Last post on probability for now. This one doesn’t involve propositions or questions of ignorance vs. knowledge, just straightforward mathematics. The point is to illustrate how counterintuitive conditional probabilities can be.
Suppose in a given population there are an equal number of males and females. This population is subject to a disease, which I’ll call Bayesitis. 1 out of 10,000 males has Bayesitis, while 1 out of 12,500 females has it. There is a test for Bayesitis. If a person has the disease, the test returns a positive result 98% of the time. If a person does not have the disease, the test returns a negative result 99% of the time. The test results are indifferent to the sex of the person. UPDATE: It can be assumed that the probabilities work exactly; that is, the size of the population is a common multiple of 10,000 and 12,500, and exactly 1 out of 10,000 males and 1 out of 12,500 females has the disease.
A member of the population is selected at random and tested for Bayesitis. The result is positive.
1) What is the probability that the person has the disease?
2) What is the probability that the person is male?
Answers should be given to at least five decimal places.
A little clue:
Most doctors get this wrong, due to making the same mistake that the commentator on your last post made (one of the mistakes, that is), namely confusing the probability that A is true given B, with the probability that B is true given A.
Or confusing the probability that A is true given B, with the simple probability that A is true.
1) What is the probability that the person has the disease?
~.0087436
2) What is the probability that the person is male?
~.5004808
It is clear without even doing the exact calculations that the probability of the person having the disease must be rather low, since only 1 out of every 10000th person at the most has the disease, and the test showing positive can only make it about 100 times more probable; hence the probability cannot be above 1%.
You can also think about this problem by considering what the overall test results would be if everyone in the population was tested.
This also implies that the test is almost worthless if you do not have any other information to gauge whether you have the disease, since regardless of whether the result is negative or positive the probability is so small that you actually have the disease that in most cases it wouldn’t matter.
I got the first probability as ~ .0087427…, the ratio being 1112006 / 127191909.
For the second probability I got the same result as above.
Let’s say there are 20,000,000 people. Then there are 10,000,000 males and 10,000,000 females.
Males w/ Bayesitis (B) = 1,000
Females w/ B = 800
People w/ B = 1800
People w/ B who test positive = 1,764
People w/ B who test negative = 36
People w/o B = 19,998,200
People w/o B who test positive = 199,982
People w/o B who test negative = 19,798,218
Probability that someone who tests positive has the disease = number who have it and test positive / total number who test positive = 1764 / (199,982+1764) = 1764 / 201746 = ~0.0087436677
How did you get that ratio, Dominic?
Good question. I just reworked the problem, using the same method as before, but the result I got this time was 882 / 100873 (i.e, 1764 / 201746).

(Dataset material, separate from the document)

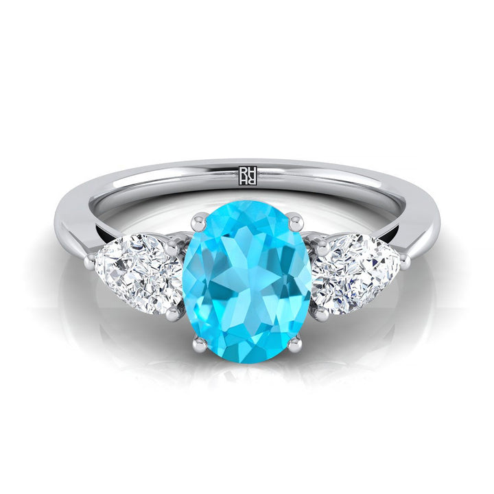 แหวนหมั้นเพชรสามเม็ดรูปทรงลูกแพร์ที่เข้าคู่กันอย่างสมบูรณ์แบบ ประดับด้วยทับทิมสวิสสีน้ำเงินรูปวงรีแพลทินัม - 7/8 กะรัตรวม
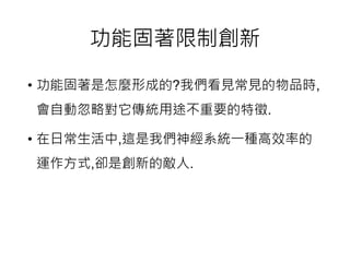 功能固著限制創新 • 功能固著是怎麼形成的?我們看見常見的物品時, 會自動忽略對它傳統用途不重要的特徵. • 在日常生活中,這是我們神經系統一種高效率的 運作方式,卻是創新的敵人.

I was working with a CAS so I must have mistyped a number and not noticed.
The formula I used was (1/2)*((1/10000 + 1/12500)*(98/100)) / ((1/2)*((1/10000 + 1/12500)*(98/100) + (9999/1000000 + 12499/1250000))).
Regarding Joseph’s comment, see this page for citation information for one of the original studies as well as many others.
I assumed a population of 100000, equal male and female proportions. I got the probability of the person having the disease as 9/(((.98 x 5) + (.01 x 49995)) +((.98 x 4) + (.01 x 49996))) = .00892
What did I do wrong?
I deleted my first response because I was assuming 100,000 each of males and females.
The mistake is that you divided the number having the disease by the number who test positive. You need to divide the number who have the disease and test positive by the total number who test positive. This is because it is given that the result was positive, so you need to exclude the small fraction who have the disease but test negative anyway.